Cinema Fearité presents 'The Fog.'
John Carpenter followed up 'Halloween' with his campfire ghost story 'The Fog'
In 1978, visionary filmmaker John Carpenter single-handedly changed the landscape of the horror genre and ushered in the golden age of the slasher with Halloween. So, how did the Master of Horror follow up one of the most influential movies ever made? With the creepy campfire ghost story The Fog.
The Fog takes place in a town called Antonio Bay that is about to celebrate its 100th anniversary. As the town gets ready for its big centennial, the citizens begin to notice strange things happening between midnight and 1:00am. At first, its harmless stuff like windows breaking and car alarms going off, but when a fishing boat fails to return after a nighttime excursion, a local named Nick Castle (Tom Atkins from Night of the Creeps and The Ninth Configuration) goes looking for it. He finds it, but the crew is dead, seemingly drowned, but without ever landing in the water.
Meanwhile, a priest named Father Malone (Creepshow’s Hal Holbrook) finds an old diary buried within his church that recounts the sinking of a ship full of lepers off the coast of Antonio Bay. When a radio DJ named Stevie Wayne (Adrienne Barbeau from Swamp Thing), who happens to also own the town’s lighthouse, notices a strange glowing fog coming ashore and moving in specific directions, the town starts to wonder if maybe the undead passengers of the leper ship have come with the spectral fog, seeking revenge on the sleepy little town just in time for its anniversary party.
In reality, The Fog isn’t John Carpenter’s true follow-up to Halloween. The auteur director also made a pair of TV movies, the 1978 suspense thriller Someone’s Watching Me! and the 1979 music biopic Elvis, before pushing The Fog to the big screen in 1980. For The Fog, Carpenter brought back Halloween co-writer/producer Debra Hill (who would also help write Halloween II and Escape from L.A.) to craft an epically spooky, legend-inspired ghost story that both played upon older ideas while forging new ground. The Fog is a fresh take on the classic yarn-spinning campfire tale.
To bring his ghastly vision to life, John Carpenter enlisted the help of a veritable who’s-who of the early eighties horror scene.

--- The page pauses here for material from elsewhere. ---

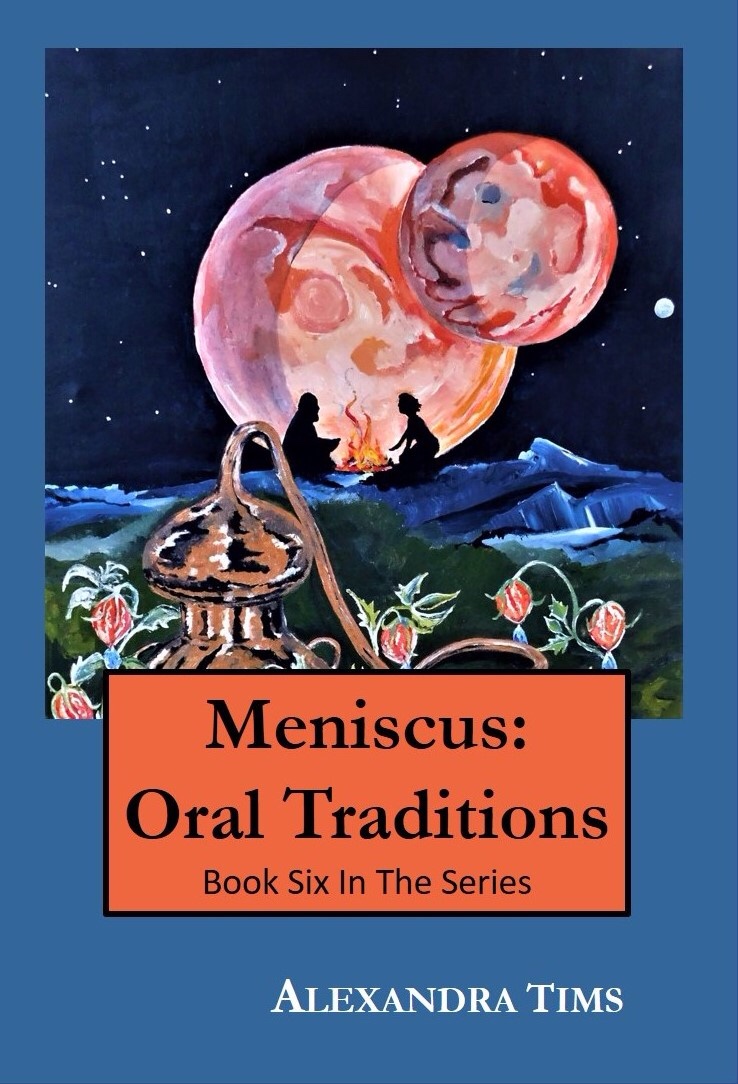 Meniscus: Oral Traditions is a great entry point to the Meniscus Science Fiction Series. Each Meniscus book is written as a readable long poem and is illustrated by the author. The books are a quick read, and include both adventure and romance. Oral Traditions tells the story of Tagret’s first days on the planet and her meeting with Rist who has a secret that will challenge their growing love.

In addition to Barbeau, Atkins, and Holbrook, Carpenter recruited scream queen Jamie Lee Curtis who, in addition to starring in Halloween for Carpenter, also had featured roles in Terror Train and Prom Night (what a 1980 she had!). Joining Curtis in the film is her mother, Janet Leigh (the original scream queen from Psycho), and her fellow Halloween pal, Nancy Loomis (another one of Carpenter’s favorites). Sharp-eyed fans will recognize John Houseman (Rollerball) as a ghost story-spinning sea captain and Darwin Joston (Eraserhead) as the town coroner (hilariously named Dr. Phibes). As if that wasn’t enough, The Fog includes cameos by not only Carpenter and Hill, but also production designer Tommy Lee Wallace (as one of the ghosts!) and effects makeup legend Rob Bottin (The Thing). Hell, even cinematographer Dean Cundey’s kid found his way into the picture.
And speaking of Dean Cundey…John Carpenter also used his first-call, main-man master cinematographer to shoot The Fog. Cundey, who worked on everything from Without Warning to Jurassic Park, looks to be having a lot of fun with The Fog, embracing the supernatural element of the movie and making the ghostly sailors look extra spooky with backlighting and shadows. The titular fog becomes a character in and of itself, with Cundey literally making the mist glow eerily as it moves its way across the sets and locations. There’s no doubt that Dean Cundey is a master of movie photography, and The Fog’s mix of horrifying realism and comic-book fantasticality is a good example of how he earned that reputation.
Just as he’s done with the majority of the movies he’s directed (and also did with the newest Halloween sequel), John Carpenter composed the score for The Fog himself. With the obvious exception of Halloween (and maybe Assault on Precinct 13), his music for The Fog may be the most recognizable themes that he’s ever written. The score is a typically awesome Carpenter electronic soundtrack, full of spooky melodies emphasized by ominous harmonization. It sounds similar to all of the retro-synth scores from today’s movies; but remember, The Fog was made in 1980. Carpenter’s film music is often imitated, but never duplicated.
The Fog was remade in 2005, and that version is widely considered to be one of the worst horror movies ever made. But the original is a classic, so it goes without saying, if you’re going to watch The Fog, make sure you track down the right one: John Carpenter’s 1980 masterpiece.